* _Assignment_
Return the lines of the material below exactly, beginning with the line that has "币安币(BNB)的救济反弹在 50 日均线(231" in it and finishing with the line that has "يبحث العديد من" in it. Leave all pictures aside.

* _Source material_
*** Begin section ***

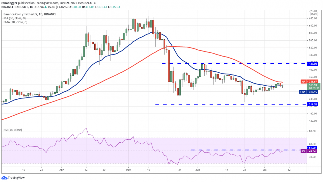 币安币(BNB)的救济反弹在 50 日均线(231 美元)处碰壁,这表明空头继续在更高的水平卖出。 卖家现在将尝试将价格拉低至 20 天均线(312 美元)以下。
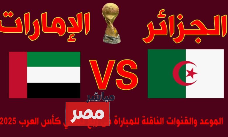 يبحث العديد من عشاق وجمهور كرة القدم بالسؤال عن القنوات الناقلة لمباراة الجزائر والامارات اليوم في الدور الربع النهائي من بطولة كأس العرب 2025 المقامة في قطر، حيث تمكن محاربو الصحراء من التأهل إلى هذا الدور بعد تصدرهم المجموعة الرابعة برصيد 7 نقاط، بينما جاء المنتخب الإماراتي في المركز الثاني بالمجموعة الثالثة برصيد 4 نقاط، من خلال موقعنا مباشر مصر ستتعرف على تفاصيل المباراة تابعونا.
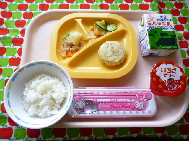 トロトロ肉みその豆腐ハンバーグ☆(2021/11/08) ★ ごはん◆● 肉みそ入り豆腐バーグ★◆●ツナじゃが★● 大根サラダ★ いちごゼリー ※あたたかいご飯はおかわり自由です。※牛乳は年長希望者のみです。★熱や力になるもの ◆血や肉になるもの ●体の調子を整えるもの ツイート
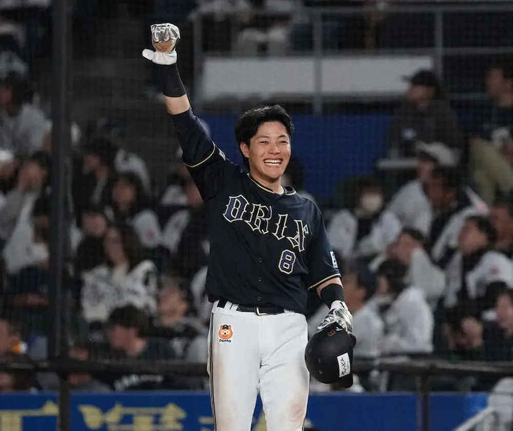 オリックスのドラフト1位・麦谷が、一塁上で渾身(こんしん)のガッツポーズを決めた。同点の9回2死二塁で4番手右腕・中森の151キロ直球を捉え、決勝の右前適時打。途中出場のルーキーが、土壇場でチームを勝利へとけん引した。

*** End section ***
*** Begin section ***

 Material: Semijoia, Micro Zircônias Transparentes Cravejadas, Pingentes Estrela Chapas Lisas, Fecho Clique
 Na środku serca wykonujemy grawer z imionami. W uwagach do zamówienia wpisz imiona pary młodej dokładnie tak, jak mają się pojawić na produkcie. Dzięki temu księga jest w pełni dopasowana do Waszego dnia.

*** End section ***

* _Problem solution_
 币安币(BNB)的救济反弹在 50 日均线(231 美元)处碰壁,这表明空头继续在更高的水平卖出。 卖家现在将尝试将价格拉低至 20 天均线(312 美元)以下。
 يبحث العديد من عشاق وجمهور كرة القدم بالسؤال عن القنوات الناقلة لمباراة الجزائر والامارات اليوم في الدور الربع النهائي من بطولة كأس العرب 2025 المقامة في قطر، حيث تمكن محاربو الصحراء من التأهل إلى هذا الدور بعد تصدرهم المجموعة الرابعة برصيد 7 نقاط، بينما جاء المنتخب الإماراتي في المركز الثاني بالمجموعة الثالثة برصيد 4 نقاط، من خلال موقعنا مباشر مصر ستتعرف على تفاصيل المباراة تابعونا.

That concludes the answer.